[Exercise input Boundary: Start]
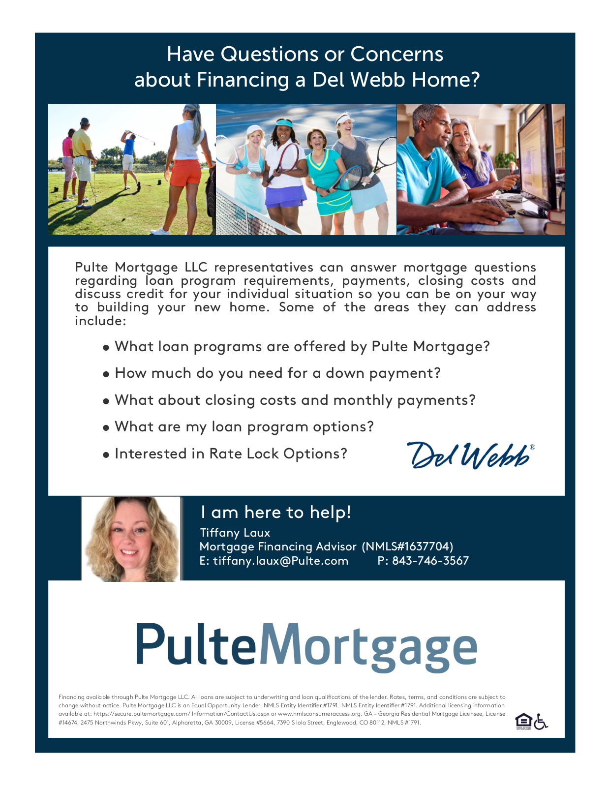 Community Association and golf fees may be required. Prices, promotions, incentives, features, options, amenities, floor plans, elevations, designs, materials, and dimensions are subject to change without notice. Square footage and dimensions are estimated and may vary in actual construction. Community improvements and recreational features and amenities described are based upon current development plans which are subject to change and which are under no obligation to be completed. Actual position of house on lot will be determined by the site plan and plot plan. Floor plans, interiors and elevations are artist's conception or model renderings and are not intended to show specific detailing. Floor plans are the property of PulteGroup, Inc. and its affiliates and are protected by U.S. copyright laws. For further information, see our terms of use. This is not an offering to residents of NY, NJ, CA or CT or where otherwise prohibited by law. Pulte Home Corporation is a licensed California real estate broker (Lic. # 00876003).
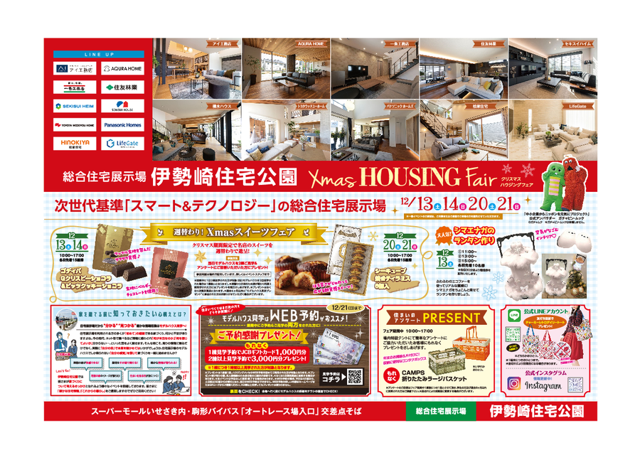 住まいの先進技術と快適さの融合をテーマにした“次世代型住宅”のモデルハウスをご用意しております。スーパーモールいせさき内にある住宅展示場です。
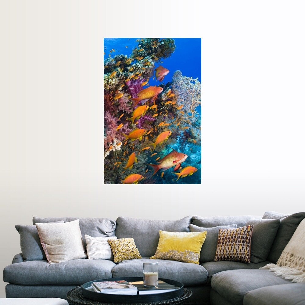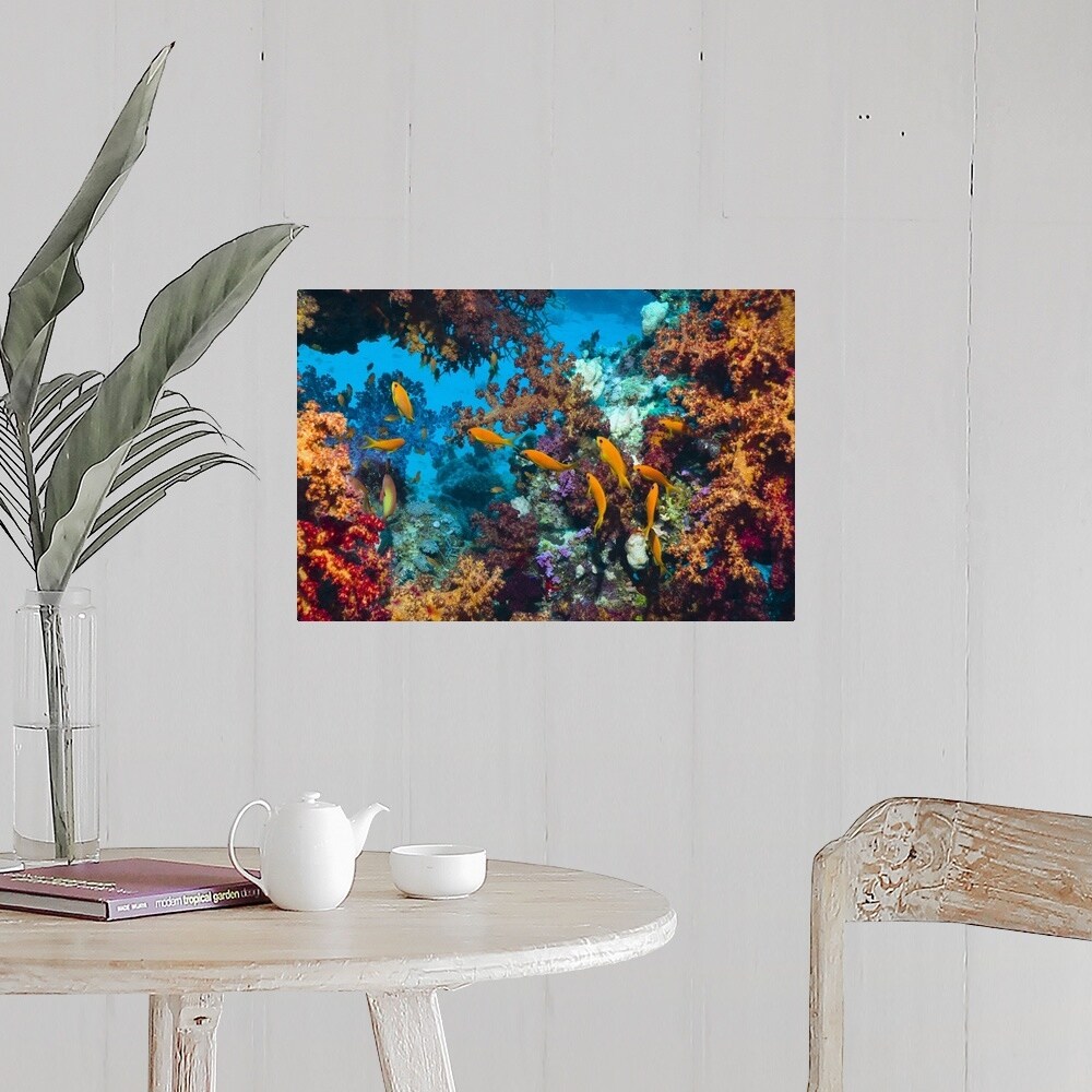 Easy Art Prints Panoramic Images's 'Coral Reef and School of Fish, Undersea view' Premium Canvas Art
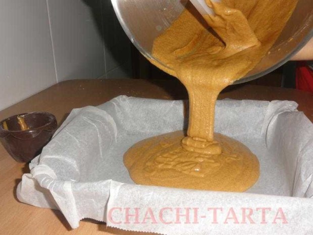 Vuelca la mezcla en el molde, yo he usado uno cuadrado de aluminio forrado con papel vegetal con dimensiones de 21×21; poner papel vegetal es más práctico que engrasar el molde, así te aseguras que el bizcocho no se rompa al desmoldar. También reservé un poquito de masa para rellenar un molde de magdalena que servirá para la cabeza.
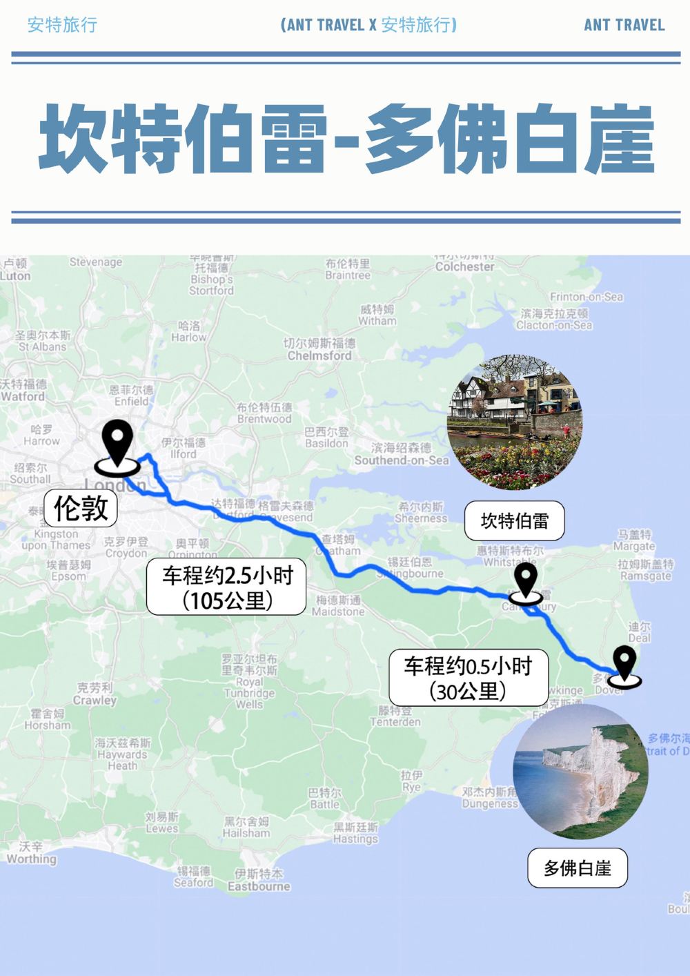 抵達多佛白崖,站在純白懸崖之巔,俯瞰英吉利海峽的壯闊碧藍。交通
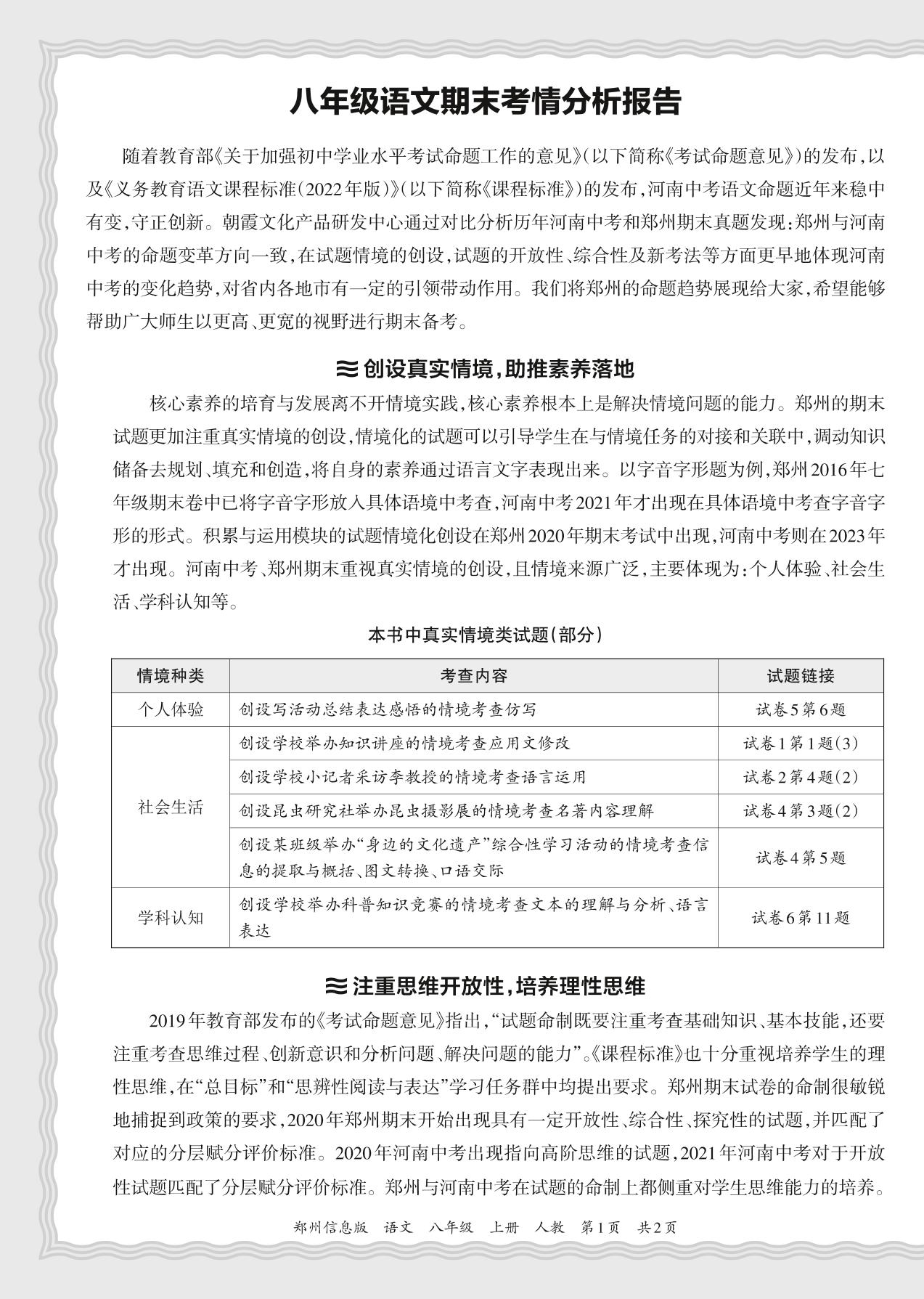初中语文人教版八年级期末考情分析报告(2023秋郑州)
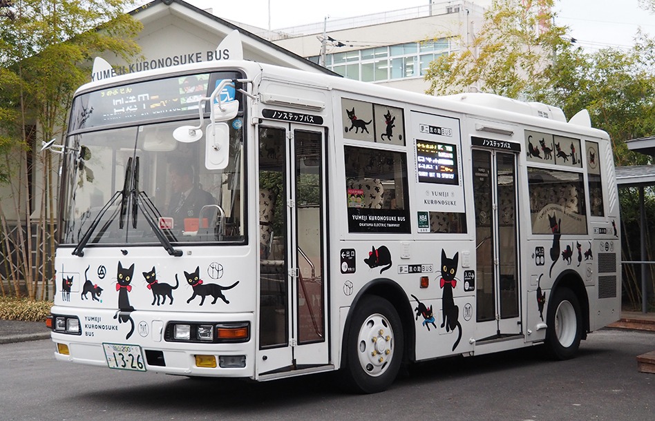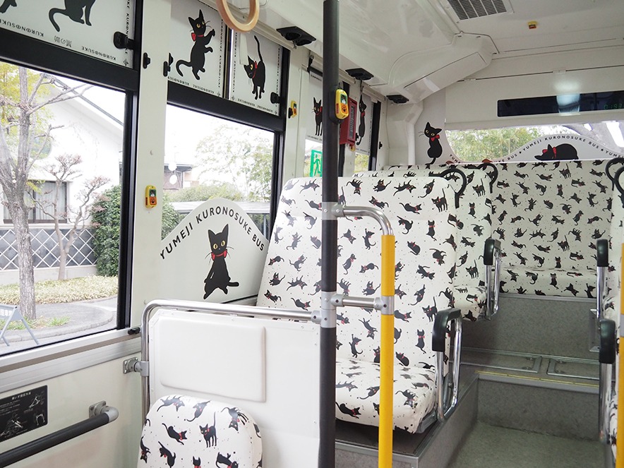 夢二郷土美術館お庭番の黑の助くんが描かれた、めちゃくちゃかわいいバスです。なんと内装も黑の助くんだらけ!
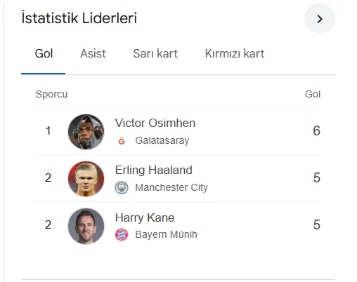 26 yaşındaki futbolcu böylece Şampiyonlar Ligi'nde 4. hafta sonunda gol krallığı yarışında zirveye yükseldi. Osimhen'i, 5'er gollü Kylian Mbappe, Harry Kane ve Erling Haaland takip ediyor.
[Exercise input Boundary: End]
# [What the exercise asks]
Take the line containing "Vuelca la mezcla" as the first and the last line of the records as the end. Print every line in that span exactly, leaving out pictures.

# [Response]
 Vuelca la mezcla en el molde, yo he usado uno cuadrado de aluminio forrado con papel vegetal con dimensiones de 21×21; poner papel vegetal es más práctico que engrasar el molde, así te aseguras que el bizcocho no se rompa al desmoldar. También reservé un poquito de masa para rellenar un molde de magdalena que servirá para la cabeza.
 抵達多佛白崖,站在純白懸崖之巔,俯瞰英吉利海峽的壯闊碧藍。交通
初中语文人教版八年级期末考情分析报告(2023秋郑州)
 夢二郷土美術館お庭番の黑の助くんが描かれた、めちゃくちゃかわいいバスです。なんと内装も黑の助くんだらけ!
 26 yaşındaki futbolcu böylece Şampiyonlar Ligi'nde 4. hafta sonunda gol krallığı yarışında zirveye yükseldi. Osimhen'i, 5'er gollü Kylian Mbappe, Harry Kane ve Erling Haaland takip ediyor.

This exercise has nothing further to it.